(M-054) Population pharmacokinetics and exposure-safety analysis of SGN-STNV (PF-08046055) in patients with locally advanced and/or metastatic solid tumors: Phase-1a/b study
Monday, October 20, 2025
7:00 AM - 5:00 PM MDT
Location: Colorado A
Hossam Kadry – Pharmacometrics and Systems Pharmacology, Translational Clinical Sciences – Pfizer Inc; Sujit Biswas – Clinical Pharmacology & Translational Sciences, Pfizer Oncology Division – Pfizer Inc.; John Harrold – Pharmacometrics and Systems Pharmacology, Translational Clinical Sciences – Pfizer Inc.; Vaishali Chudasama – Clinical Pharmacology & Translational Sciences, Pfizer Oncology Division – Pfizer Inc.
Clinical Pharmacologist Pfizer Inc. Mill Creek, Washington, United States
Disclosure(s):
Sujit Biswas: No financial relationships to disclose
Objectives: SGN-STNV is an investigational antibody–drug conjugate (ADC) comprising the humanized monoclonal antibody (anti-STn) linked to cytotoxic monomethyl auristatin E (MMAE). SGN-STNV was evaluated for establishing safe dose and schedule in patients with advanced solid tumors expressing Thomsen-nouvean antigen (STn). The objective of the current analysis is to develop population pharmacokinetic (PK) and exposure-response models to quantify sources of PK variability and relationships between exposure and safety end points.

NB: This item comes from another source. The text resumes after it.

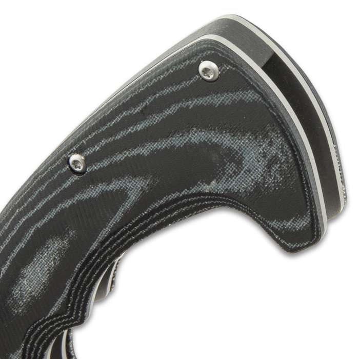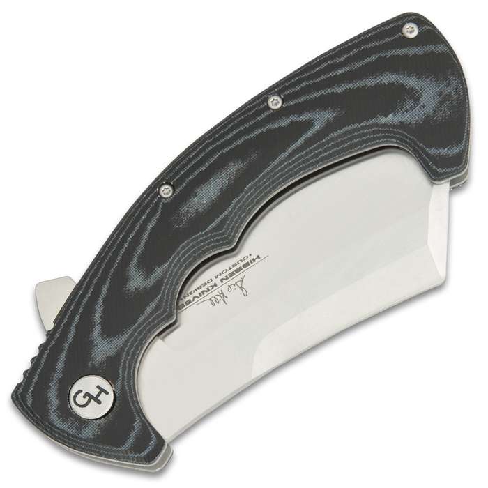 Gil Hibben Folding Cleaver Knife Micarta. The Gil Hibben Folding Cleaver Knife puts the incredible chopping power of a full-size cleaver right in your pocket The knife has a 3 7/8” 7Cr17 stainless steel cleaver blade, with a satin finish, which can be easily accessed with its flipper The handle scales are crafted of black Micarta, secured with sturdy screws, and the liners are bead blasted stainless steel The pocket knife has a bead-blasted stainless steel pocket clip and is 5”, when closed, and it is 8 7/8” in overall length

Methods: The PK data from the phase 1 study (NCT04665921) were collected from 106 patients with various advanced level solid tumors across five dose levels ranging from 0.75-2.25 mg/kg and four schedules (QW, 3Q4W, 2Q3W, or 2Q4W) following total body weight (TBW) or adjusted ideal body weight (AIBW) dosing strategy. Nonlinear mixed-effects modeling with the first order conditional estimation method (NONMEM 7.5) was used to analyze acMMAE (antibody conjugated drug) concentrations following intravenous administration of SGN-STNV. Clinically relevant patient specific baseline characteristics were explored to explain the interindividual variability of key PK parameters. Final PK parameters were used to simulate exposures based on TBW and AIBW. Exposure – safety analysis was performed in R (Core Team, Vienna, Austria, version 4.1.2) using individual predicted acMMAE average concentration up to the event obtained from PopPK model.
Results: A two-compartment model with linear elimination reasonably described the observed acMMAE concentrations and parameters were estimated with good precision (%CV < 25). The estimated clearance (CL) and volume of distribution (V) in the central compartment were 1.27 L/day and 3.03 L, respectively. Intercompartmental clearance and peripheral volume were estimated to be 0.7 L/day and 2.27 L, respectively. Among commonly identified covariates, BW was identified to be a significant covariate on both CL and V reduced interindividual variability from 29.7% to 23.5% for CL and from 21.2% to 17.6% for V. Model simulations suggested AIBW dosing strategy reduced exposure of higher BW/BMI subjects and minimized interindividual variability across patient population, consistent with observed exposures. Exposure-safety analysis showed higher acMMAE exposures are associated with higher rate of observed safety events, Grade ≥3 TRAE and Grade ≥2 PN.
Conclusions: The final Population PK model was able to reasonably characterize acMMAE PK data from SGN-STNV across different dose and schedules for all subjects with BW being the significant covariate. Higher exposures correlated with higher rate of safety events and were tolerated with appropriate dose modifications. AIBW-based dosing was predicted to provide consistent exposures across a range of BW and reduced exposure driven safety events.